I have code wich calculate some expression for each element of 1000x1000 matrix using all other matrix elements. It works fine in emulation mode and when I use less than 6400 (dimblock = 16x16, dimgrid = 5x5) threads. But strange thigs begin to happen if I try to launch fullsize calculation for dimgrid = 62x62 - execution time stays the same and all results I have is zeros. More than that: if I copy my initial matrix back from devise to host it contains zeros only.
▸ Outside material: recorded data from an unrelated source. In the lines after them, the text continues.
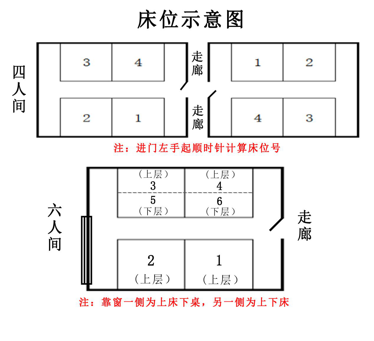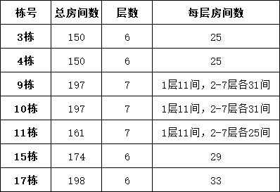 【注意】:宿舍的布局可以看宿舍示意图,每一个房间都有空调和独立的卫生间。宿舍楼有性别要求,否则公寓楼层,房间号,床位号会没有数据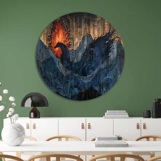Mystieke vogel in vurige berglandschappen forex muurcirkel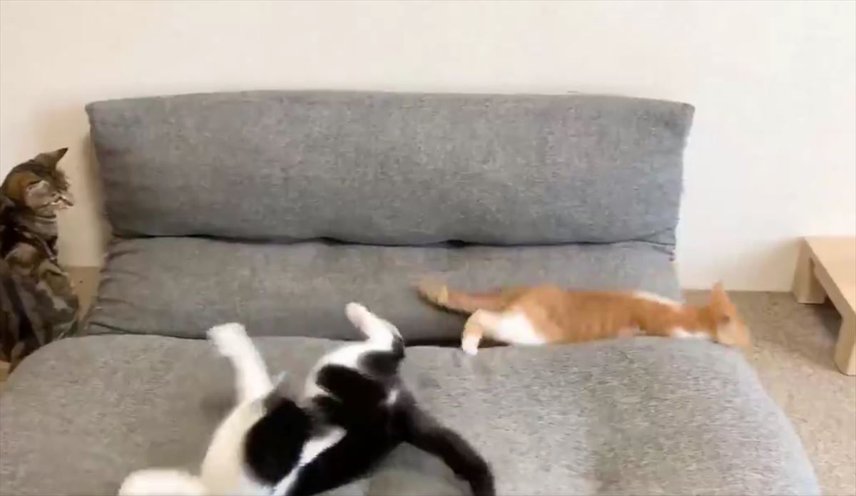 ハチワレの猫パンチを茶トラが華麗なジャンプでヒラリとかわし、ソファーの背もたれを利用し三角跳び!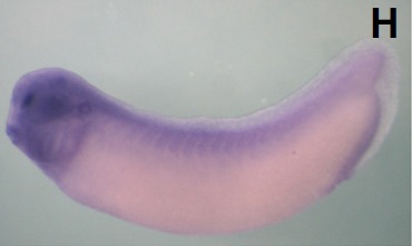 wdr5 (WD repeat domain 5) gene expression in Xenopus laevis embryo, assayed via in situ hybridization, NF stage 24, lateral view, anterior left, dorsal up. |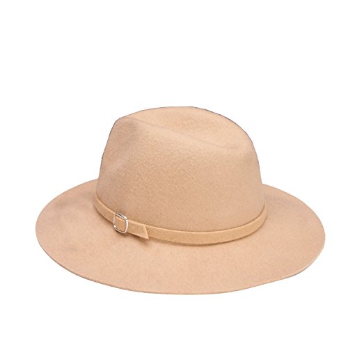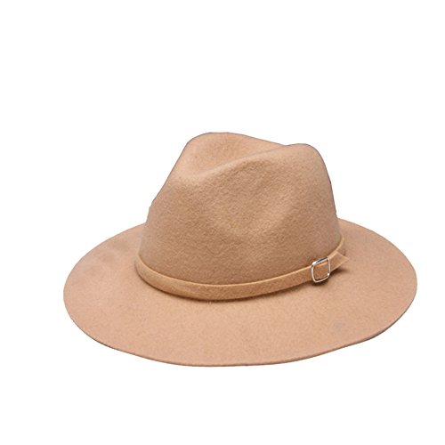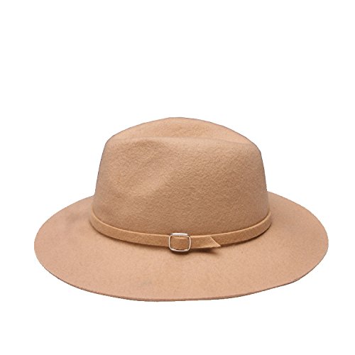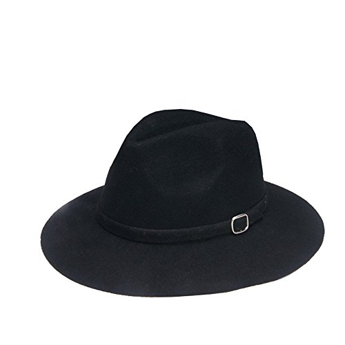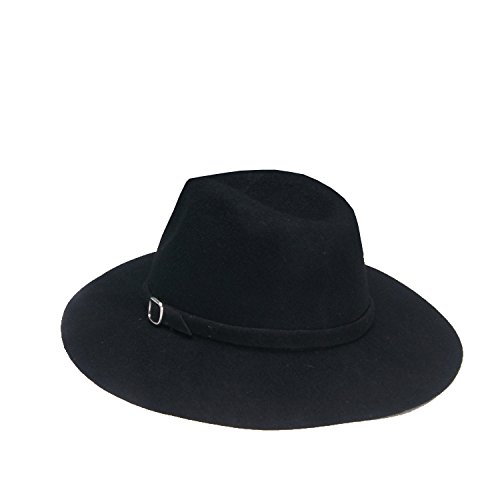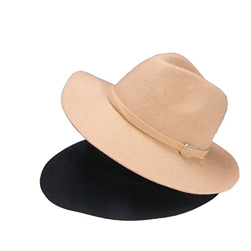 (missfiona)/Accessories/Hats/DIRECT FROM USA/missfiona Womens Warm Wool Felt Jazz Fedora Hat Wide Brim With Band Buckle Solid Color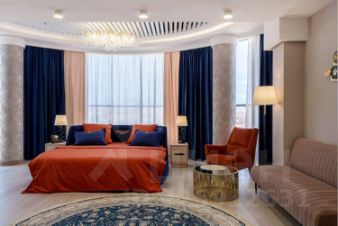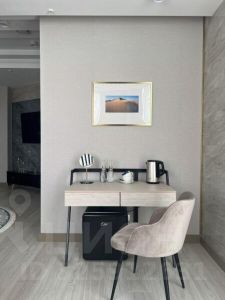Светлый уютный номер, оборудованный всем необходимым для комфортного проживания. В номере: двуспальная кровать, мягкая мебель, телевизор со Smart TV, кондиционер, вместительный шкаф для хранения вещей, мини-холодильник, сейф, чайник, чайный набор, Wi-Fi и собственный санузел с душем и феном.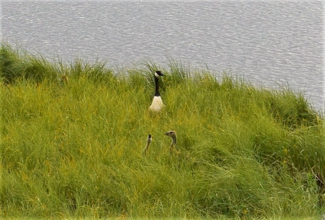 Jag hade inga förväntningar om att kunna fota några fåglar men jag tog mig ändå upp i fågeltornet. Därifrån såg jag familjen kanadagås och den bilden får i alla fall duga.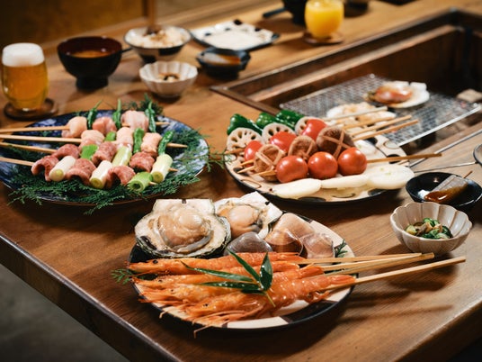 ●地産の野菜/海鮮/肉の串盛り皿盛り計10種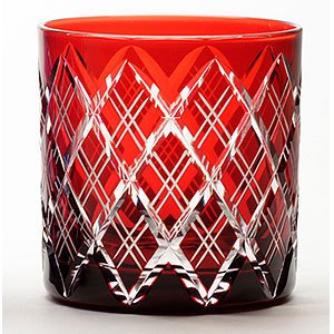 江戸切子 ミニオールド 矢来重文様 アカ 彩鳳(m-3041-r)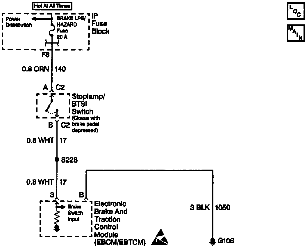 ^ Verify proper Stoplamp/BTSI switch operation during the Data List of the Scan Tool. As the brake is applied, the data list should display the Stoplamp/BTSI switch on within one inch of travel.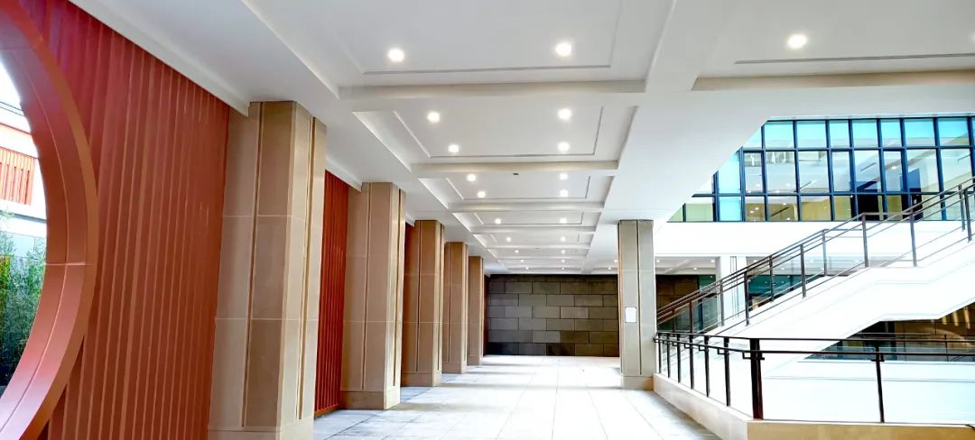 从顶楼屋角的阳台向外看去,160地块项目的布局呈C型三合院,由三个方向的四栋主体建筑组成。建筑幕墙素雅大气,窗户上装饰着中式风格的花格窗,在楼宇边缘楼梯间的外侧是由仿木花纹格栅构成的“缎带”,从建筑外观来看,栅格间的空隙不会让人觉得沉闷,赋予建筑活力的同时也更便于自然通风。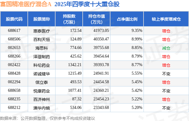 富国精准医疗混合A的前十大重仓股如下: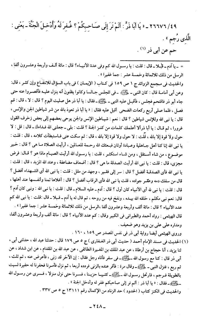 49/ 26676 - "يَا أَبَا ذَرٍّ: أَلَمْ تَرَ إِلَى صَاحِبِكُمْ؟ غُفِرَ لَهُ وَأُدْخِلَ الْجَنَّةَ -يَعْنِي: الَّذِي رُجِم".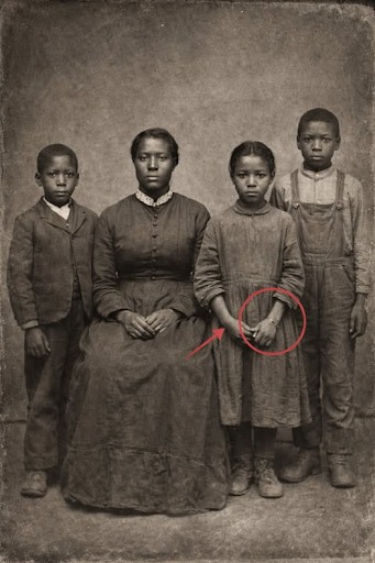 The discovery comes more than a century later. Sarah Mitchell, a historian and archivist in Richmond, digitized the high-resolution photograph when her attention wandered from the faces. What caught her eye was the wrist of a young girl, standing near the center of the image. Around it, faint but unmistakable circular marks were visible. Too even to be folds of fabric. Too purposeful to be the ravages of time.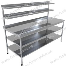 Стол производственный с 2 нижними полками и полками-надстройками, высота — 850, мм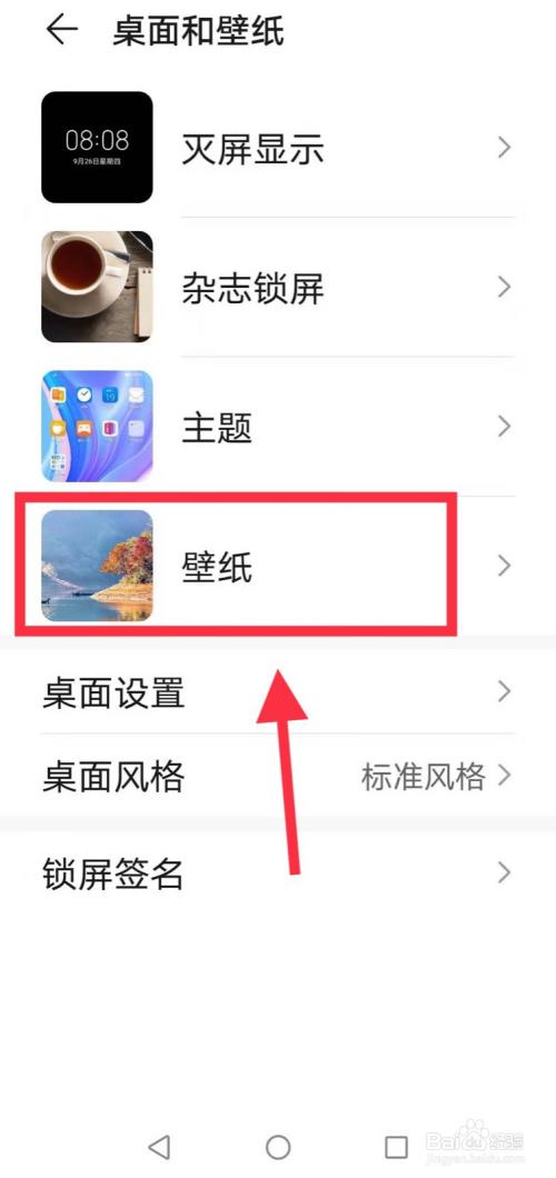 点击进入【桌面和壁纸】页面,找到【壁纸】选项。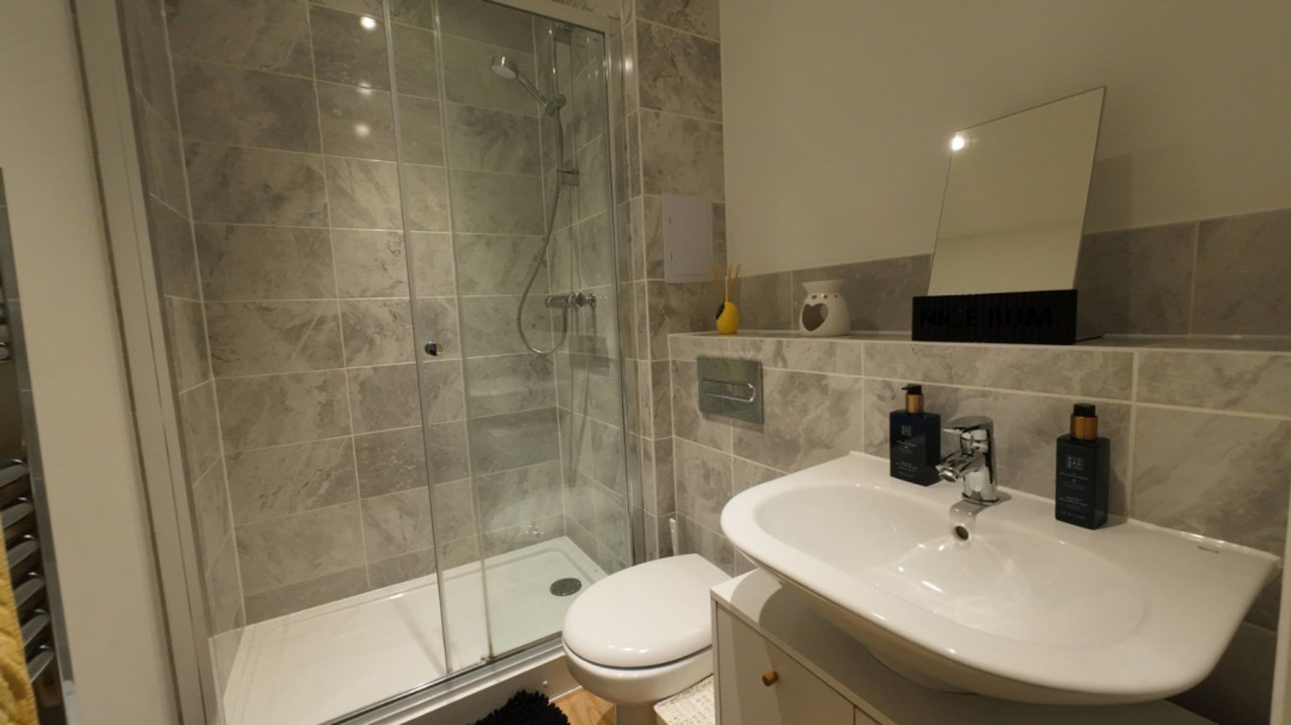Main bathroom has part tiled walls, laminate flooring, an integrated shower bath, floating sink, toilet and heated towel rail.

If I do the same for dimgrid = 5x5, matrix elements values are valid.
...
/* Copy data to device. */
cudaMemcpy(therm_d, therm, size, cudaMemcpyHostToDevice);
/* Proceed data in parallel. */
unsigned int blocksize = 16;
unsigned int nblocks = 62;
dim3 dimBlock(blocksize, blocksize);
dim3 dimGrid(nblocks, nblocks);
compute_therm_cuda_kernel <<< dimGrid, dimBlock >>> (x_max, y_max, z, therm_d, final_result_d);
/* Retrieve result from device. */
cudaMemcpy(final_result_h, final_result_d, size, cudaMemcpyDeviceToHost);
cudaMemcpy(therm1, therm_d, size, cudaMemcpyDeviceToHost);
...
What can be the reason in this situation?
P.S. I`m running this on archlinux with X started. May be this is the problem?
P.P.S. Sorry for my bad Enlish.
UPD. If I do no actual calculations and just assign some values to final_result_d, everything is OK.